# Data Science for Physicists

Welcome to the Short Course on Data Science for Physicists presented at APS-Global Physics Summit 2026! This Jupyter Book provides comprehensive tutorials on applying deep learning techniques to experimental nuclear physics, specifically for the Forward Calorimeter (FCAL) at GlueX in Hall-D Jefferson Lab.

## Overview

These tutorials are designed for Nuclear and Particle Physics and Researchers and cover different applications of deep learning:

1. **GNN-based Classification and Regression** (2026): Using Convolutional Neural Networks to classify FCAL showers and distinguish between photons and splitoffs; Regression of the true energy of a reconstructed (identified) photon.  

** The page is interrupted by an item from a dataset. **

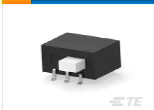
TE 产品编号1-1437581-1 ASE22RL=AUTOSLIDE DP

2. **CNN-based Classification** (2025): Using Convolutional Neural Networks to classify FCAL showers and distinguish between photons and splitoffs

3. **Generative AI** (2025): Building generative models to simulate FCAL photon showers based on their kinematics.

## Tutorial Goals

By the end of these tutorials, you will be able to:

- Understand the physics behind FCAL showers and the importance of accurate classification
- Prepare and preprocess FCAL data for deep learning applications
- Build and train deep learning models for binary classification (photons vs splitoffs)
- Evaluate model performance using physics-informed metrics
- Apply these techniques to your own nuclear physics research

## Target Audience

These tutorials are intended for:
- Graduate students and postdocs in nuclear physics
- Researchers working on calorimeter systems
- Scientists interested in applying ML to experimental physics
- Anyone wanting to learn about deep learning in the context of particle physics

## Prerequisites

- Basic understanding of nuclear physics and particle detectors
- Python programming experience
- Familiarity with NumPy and basic data analysis
- (Optional) Prior exposure to machine learning concepts

## Dataset and models

Dataset used in this tutorial: [![Hugging Face Dataset](https://img.shields.io/badge/HuggingFace-Dataset-blue.svg?logo=huggingface)](https://huggingface.co/datasets/AI4EIC/DNP2025-tutorial)

The trained models are archived for easy access and reproducibility.
You can explore and download them at: [![Hugging Face Model](https://img.shields.io/badge/HuggingFace-Model-orange.svg?logo=huggingface)](https://huggingface.co/AI4EIC/DNP2025-tutorial)


## Event Information

**APS GPS 2026 Tutorial Session: Data Science for Physicists**  
Date: March 14-15, 2026  
Location: Denver, CO  
Workshop Sessions: [1WD](https://summit.aps.org/events/MAR-SH01), [2WD](https://summit.aps.org/events/MAR-SH04)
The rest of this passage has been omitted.